Rammstein' ın 'mein herz brennt' şarkısı ile tamamlanan film.
rammstein dinleten film. sovyet dönemini değil sovyetler sonrası insanların yıkıldığı, ailelerin dağıldığı, insanların evsiz, parasız ve devlet güvencesi dışında kaldığı bir dönemi anlatır. hatta çocuklar bir sahnede eskiden işleyen sovyet fabrikasının yıkıntılarında oynarken ailelerinin önceden burada çalıştığından bahsederler. dağılan sosyalizmin altından insanlar kağıttan gemiler gibi savrulmuş, nihayetinde de batmaktan kurtulamamışlardır. lilja ve volodja da bu insanlardan sadece ikisidir. iki küçük çocuk...
izlerken bir paket sigara içmeme neden olan film. requiem for a dreamden kat kat daha acıklıdır. ayrıca iki gün bunalım takılmaya neden olacak filmdir. mein hertz brennt başlangıcı ile başlangıçta ilgiyi üzerine toplamayı başaran filmdir.
iç karartıcı bir yapım.
--spoiler--
bir erkek olarak erkeklerden iğrendim yeminle, o derece. ah be kızım, bu ne bedbaht bu ne sürgün yaşamdır..
--spoiler--

izledikten sonra birkaç gün kendinize gelemiyorsunuz. çabuk toparlamak için bu filmin üstüne masum mazbut erkekleri konu alan bir film daha izleyin. belki işe yarar, denemedim.
afedersiniz ama durup dururken insanın ağzına sıçan filmlerdendir.bunalıma sokar.kıza acırsın,üzülürsün.başına gelen olayları anlamaya çalışırsın.aslında fazla söze de gerek yok.kesinlikle izlenilmelidir.konu olarak pek farklı değil ama başarılı.
eski sovyet ülkelerinden birinde, yıkılmış olan sosyal huzurunun telaşesi içindeki bir kadın, 16 yaşındaki kızını kendi başının çaresine bakmak üzere terk eder.

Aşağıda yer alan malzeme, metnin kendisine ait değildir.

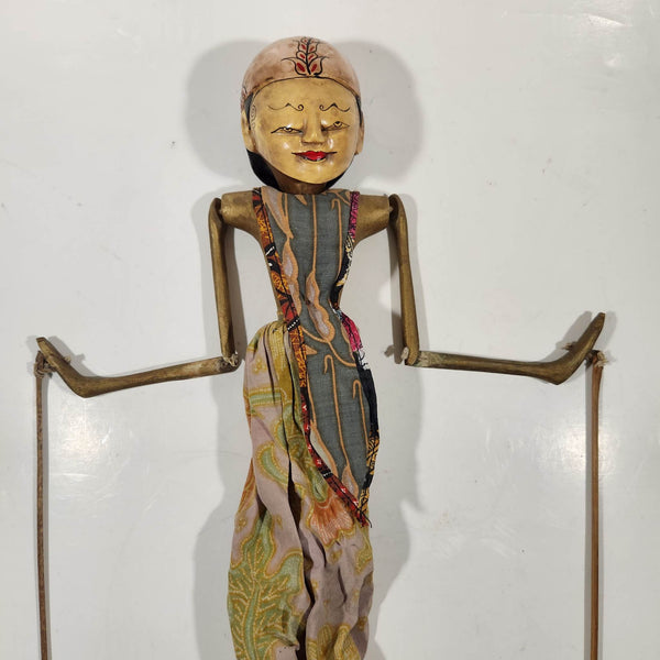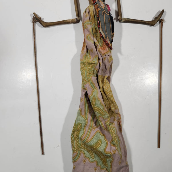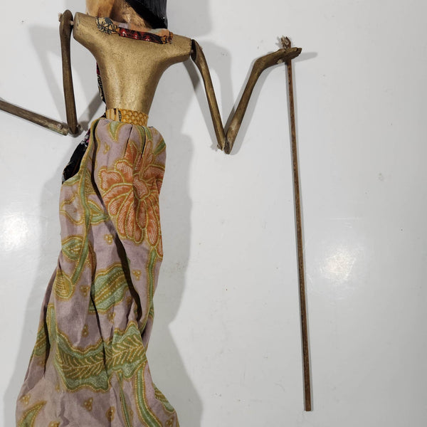 Antique Indonesian Wayang Golek 24" Hand Made Wood Theater Puppet In Traditional Batik Clothing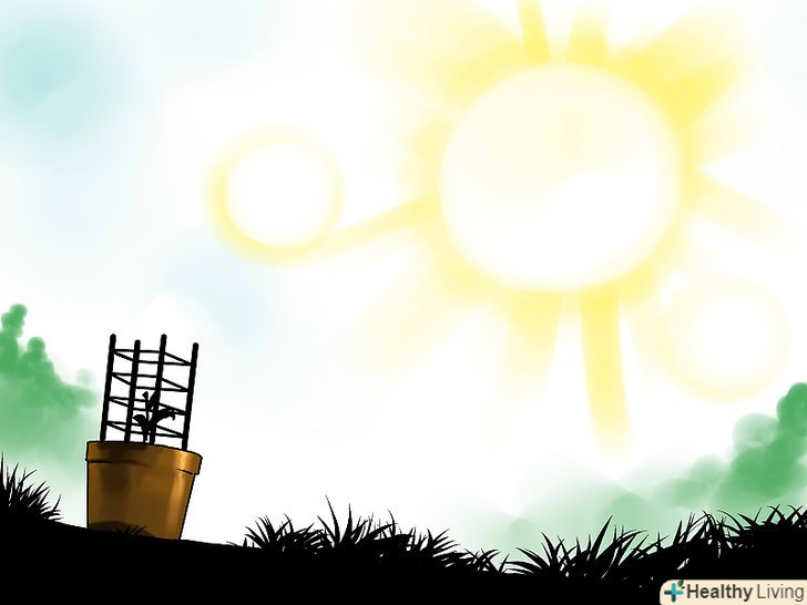 Поставте лоток у сонячне місце. місце на відкритому повітрі, яке отримує постійний доступ до сонця, підходить ідеально, так як і світло, і сонце мають важливе значення в отриманні хорошого врожаю. Баклажани добре ростуть в теплій грунті.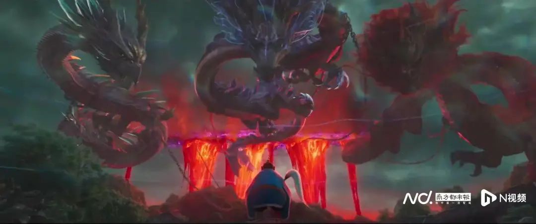 作为全剧高燃情节之一,“万妖冲鼎”的片段令人热血沸腾。此处的配乐,阿鲲却只选用了三个音,从迂回向上到难度陡增再到缓慢上升,层层递进,表现万妖齐心协力、殊死一搏的决心。“高端的食材,往往只需要简单的烹饪方式。”阿鲲笑说。当敖光、敖丙终于冲鼎而出,他又将唢呐和交响曲相结合,“中西合璧”的阵势渲染了大决战即将到来的战斗氛围。

böyle başlıyor lilja 4-ever.

hayatımda bu kadar masumiyeti ve bu kadar pisliği bir arada izlediğim bir film daha hatırlamıyorum. unutulmaz bir senaryo, harika bir yönetmen ve akıldan asla çıkmayan bir final.

lilja 4-ever.
az önce izlediğim, kaskatı kesilmekten ağlayamadığım; hayattan, sovyetler'den, bırakıp giden annelerden, topyekun erkek denen mahlukattan nefret etmemi sağlamış film. gecenin bu vaktinde yaşama arzusu, sevinç, neşe, umut hiçbir şey bırakmadı.
16 yaşında bir kızın çürümüş sisteme ve kapitalist dünya'ya uyum sağlama çabalarını anlatan olağanüstü bir dram filmi.

daima 16..
daima masum..
daima lilya..

isveç sinemasının üstüne yoktur bu minvalde filmlerde
adamı kafa üstü betonun üzerine çakan filmdir. bu derece duygu ve öfke yüklendiğim çok az film olmuştu. filmi izlerken bile çok şeyi sorgularsınız. bu dünyadaki tüm lilja'lara yardım edebilmek ve onun gibileri bu hale sokanları yerin dibine gömebilmek istersiniz. sonra farkedersiniz ki, hiçbir zaman bunları gerçekleştirebilecek kadar gücünüz olmayacak. bu kahpe dünya, yine aynı seyri ile devam edecek.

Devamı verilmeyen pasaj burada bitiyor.